Николас решительно покачал головой:
– Теперь война закончилась, и процветание наверняка вернется. А безопасность каждого зависит от того, остаются ли люди в том сословии, в котором им суждено было родиться. А то у нас была бы анабаптистская анархия.
Опять эта трясина…
– Признаюсь, что чем больше я думаю о человечестве, тем более убеждаюсь, что все мы сделаны из одной и той же глины, – заявил я.
Овертон задумался на мгновение, а потом ответил:
– Моя семья и мои родственники были дворянами по рождению в течение веков. Еще до Вильгельма Завоевателя, говорит отец, еще до того, как Линкольншир заселили викинги. Править – наша унаследованная привилегия.
– Они стали дворянами исключительно за счет завоеваний. Викинги много отняли у англичан, как и норманны. Большинство семейств разбогатело именно таким образом – я знаю, я юрист, специалист по собственности; я провел много времени, копаясь в деяниях древних.
– Завоевывать земли – благородное дело, сэр.
– Как норманны, несомненно, отвоевали их у твоих предков-викингов. А то у тебя могло бы быть сейчас больше земель.
– Я полагаю, теперь уже поздно отвоевывать их обратно. А жаль, пожалуй, – улыбнулся парень.
Николас начинал мне нравиться: он проявлял признаки ума и при всем своем стремлении к джентльменским условностям сам бросил вызов традициям.
– Что ж, нам представится возможность еще поговорить о землях и о том, кто ими владеет, когда подойдет новая судебная сессия, – пообещал я ему. – А сейчас я должен идти домой обедать.
– Есть какой-нибудь прогресс в деле с убийством печатника? – спросил молодой человек.
– Нет. И запомни, – я поднял палец, – об этом говорить нельзя.
– Слово джентльмена.
– Ладно. – Мои глаза обратились к окну Билкнапа. – После обеда я полежу часик-другой, мне нужно отдохнуть. А потом вернусь.
* * *Я отправился домой. Когда я шел по дорожке к дому, в дверях появилась Джозефина в новом платье, а рядом с нею – молодой человек в строгом камзоле. Агнесса Броккет придержала дверь, улыбаясь им, а Тимоти стоял у угла дома, с любопытством на них поглядывая. Кавалеру Джозефины было немного за двадцать.
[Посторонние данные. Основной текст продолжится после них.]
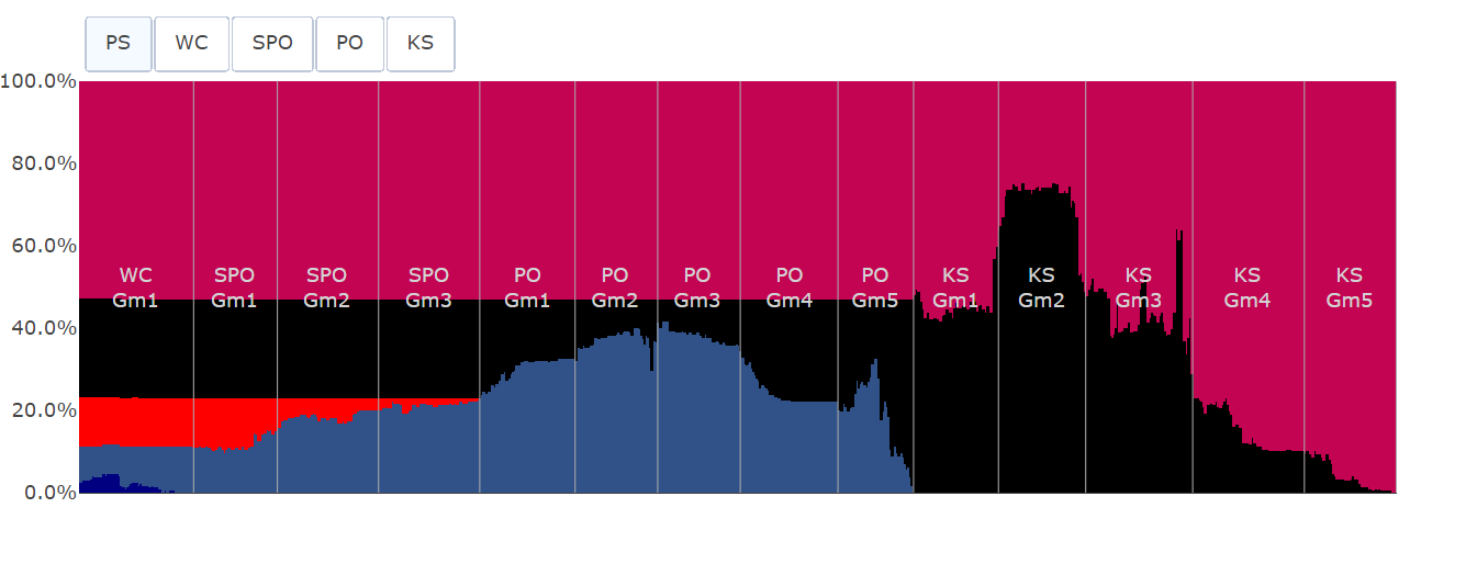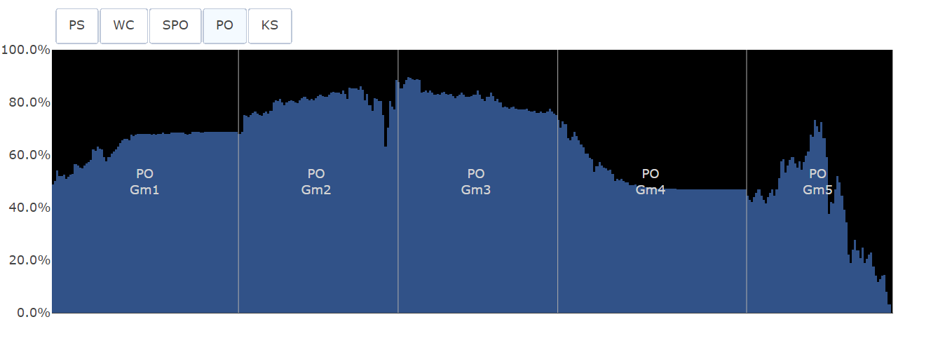 플레이오프에서는 강점이었던 KT의 필승조가 오히려 체력적 열세로 인해 약점이 되었고, LG의 타격이 점점 살아나면서 결국 5차전으로 시리즈가 끝나고 말았습니다. 특히나 내내 열세였던 2차전을 박동원의 역전 홈런으로 LG가 잡고, 역전이 난무하던 3차전을 기어코 LG가 잡아낸 것이 결정적이었던 걸로 보입니다. 참고로 한국시리즈의 경우 시리즈를 승리하면 우승인 관계로 cWPA와 시리즈 WPA가 같음을 알려 드립니다.

Он был стройным, темноволосым и умеренно красивым; должно быть, это и есть тот молодой человек, с которым она выходила гулять. При моем приближении девушка покраснела, а юноша приподнял шапку и поклонился.
– Я Эдвард Браун, сэр. Служу у вашего коллеги мастера Питера Хеннинга.
– Ах да! Хороший человек, – кивнул я. – Я с прискорбием узнал, что его жена умерла – несколько месяцев назад, верно?
– В декабре, сэр. Мой хозяин очень горевал. Он подумывает бросить работу и поехать домой в Норфолк.
– Надеюсь, он этого не сделает, – рискнула вмешаться моя служанка.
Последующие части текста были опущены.